Save €200 with code MSCUST on top of early bird pricing!
Find everything you need to get certified on Fabric—skills challenges, live sessions, exam prep, role guidance, and more. Get started
Hello,
I am stuck with what I thought would be a simple step... I cannot figure it out!
I have a query (QueryA) with a column containing numbers. I have another query (QueryB) with 3 columns: min/max/group.
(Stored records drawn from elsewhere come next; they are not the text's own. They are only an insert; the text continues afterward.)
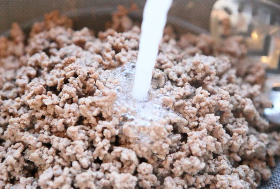 Health-conscious cooks may rinse beef after browning to remove extra grease. This does work—but at the cost of flavor.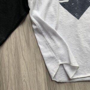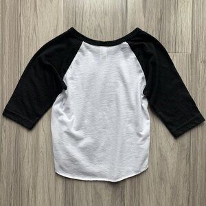 Unknown smallshop printed on American Apparel black & white raglan baseball tee.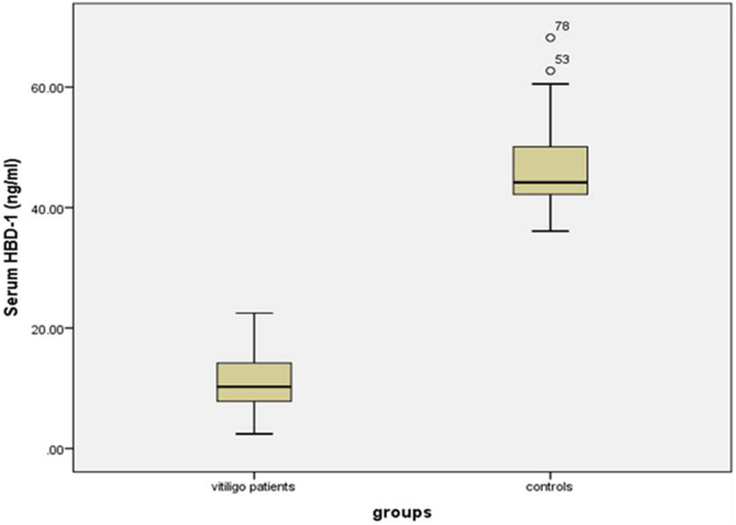 Methods: A current case-control study included 50 patients having NSV and 50 controls. The authors used Vitiligo Area Scoring Index (VASI) score to assess vitiligo severity and laboratory investigations to assess serum HBD-1 level using ELISA and defensin-beta1 (DEFB1) SNP using polymerase chain reaction-restriction fragment length polymorphism (PCR-RFLP).
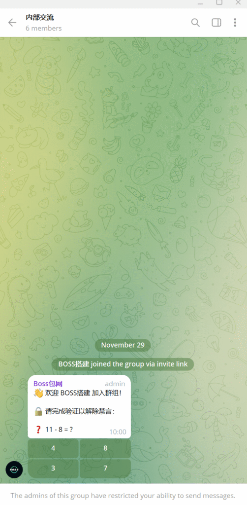 4. 自动禁言新成员(机器人需要管理员权限,永久禁言,直到通过验证)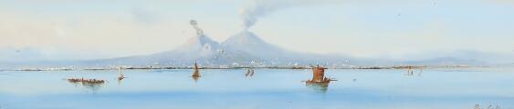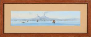 Parti fra Napoli med udsigt til Vesuv. Sign. Rosa Corelli. Gouache på papir. Bladstørrelse 10×44.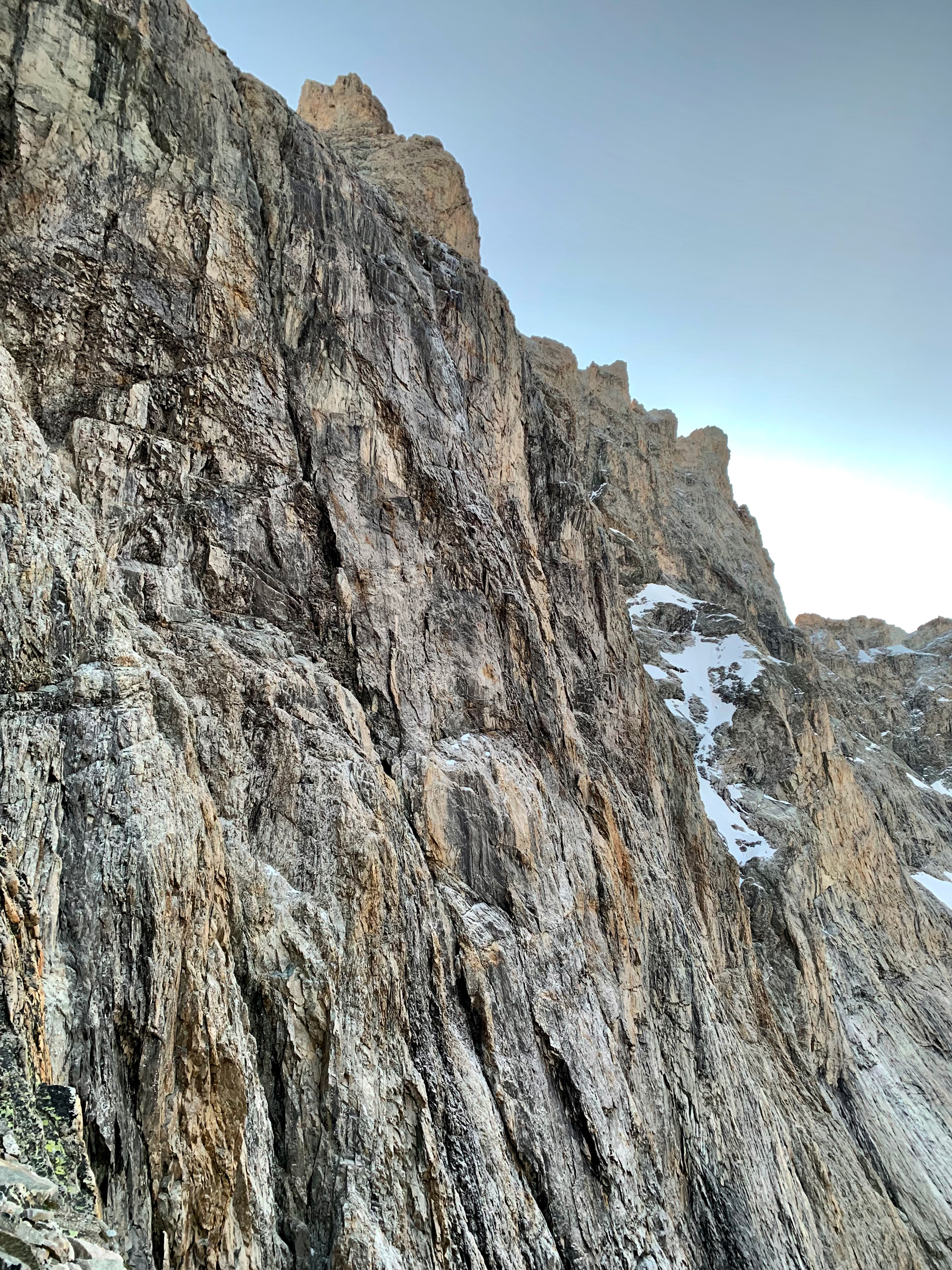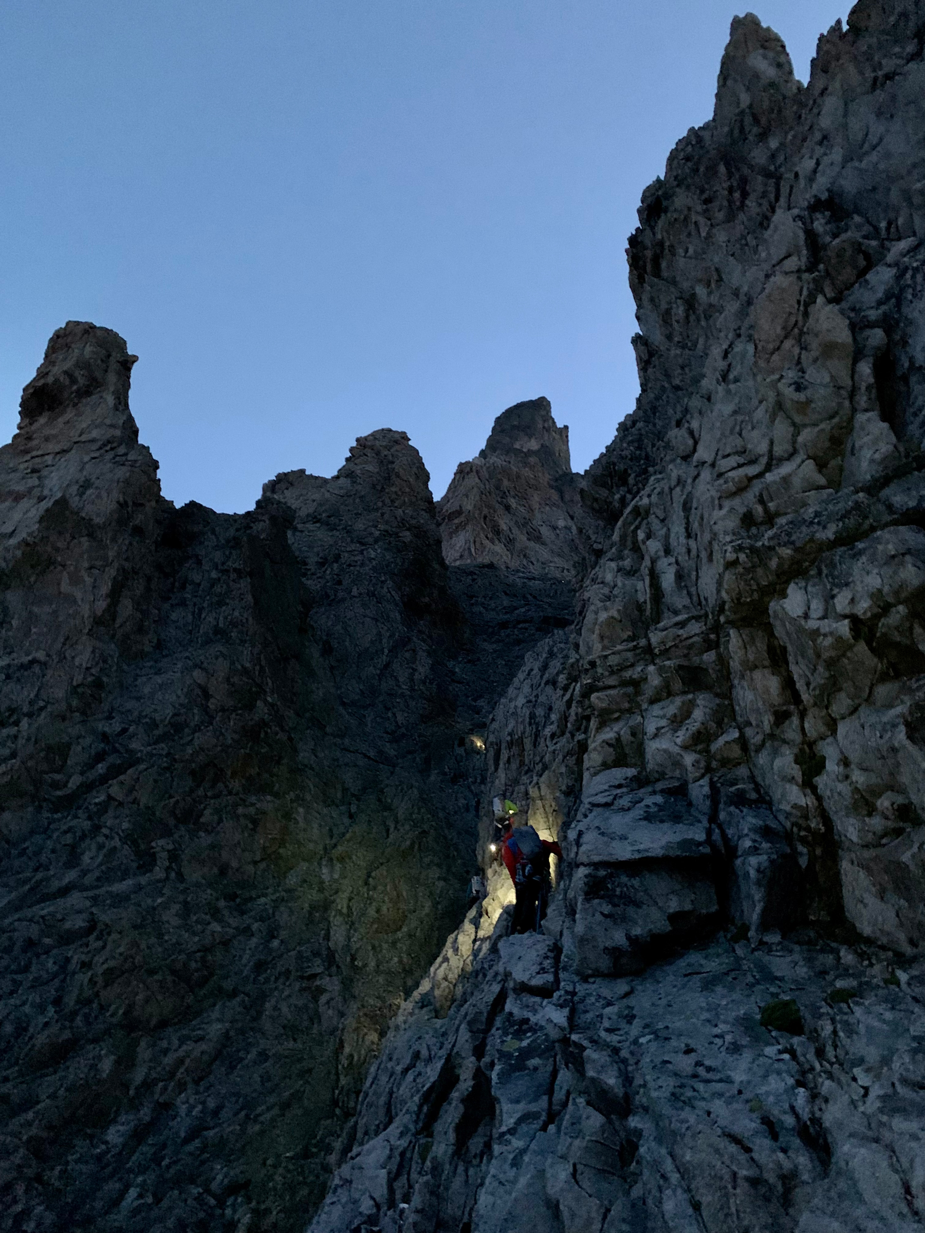 4h50. Dans le noir, le vide ne me fait pas peur. La nuit estompe la conscience de l’abîme. Dans le noir, j’oublie aussi le creux qui ronge mon estomac après un petit déjeuner sucré et frugal. Heureusement, l’escalade commence juste derrière le refuge, on n’a pas le temps de rêvasser à des oeufs brouillés à la truffe ou des saucissons imaginaires.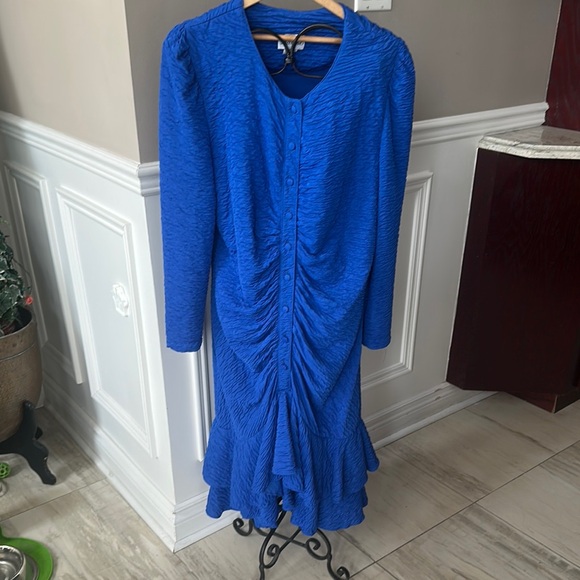 This elegant blue ruched dress is perfect for any occasion. Its vibrant color and stylish design make it a standout piece in any wardrobe.
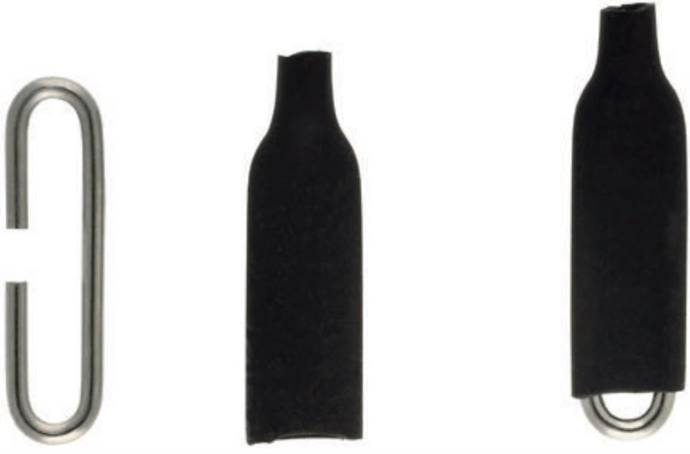 Agrafes munies d’une gaine thermorétractable noire. Ultra pratiques pour changer de montages ou de plombs en quelques secondes

I need to attribute a Group to the number in QueryA, checking that it is higher than what's in column "Min" and smaller than what's in Column "Max" for the same row, and then looking up the corresponding Group Name.
Min | Max | Group |
1 | 3 | A |
4 | 15 | B |
16 | 26 | C |
27 | 40 | D |
Can you please help me in how to do this?
Thanks!
Kind regards
Valeria
Solved! Go to Solution.
Okay. If QueryA rows are going to stay below maybe 500k, then I think the DAX solution would be fastest/simplest all round:
You'll need to apply both QueryA and QueryB to you data model, then add a calculated column to QueryA like this:
..group =
CALCULATE(
VAR __numberToCheck = VALUES(QueryA[NumberColumn])
RETURN
MAXX(
FILTER(
QueryB,
QueryB[Min] <= __numberToCheck
&& QueryB[Max] >= __numberToCheck
),
QueryB[Group]
)
)
If your QueryA gets to huge numbers of rows, or your QueryB gets to huge numbers of GROUPS you may find this gives you performance issues at runtime (as a calculated column is materialised into memory) in which case I would switch to a segregated Dataflow solution, but I think this will be fine.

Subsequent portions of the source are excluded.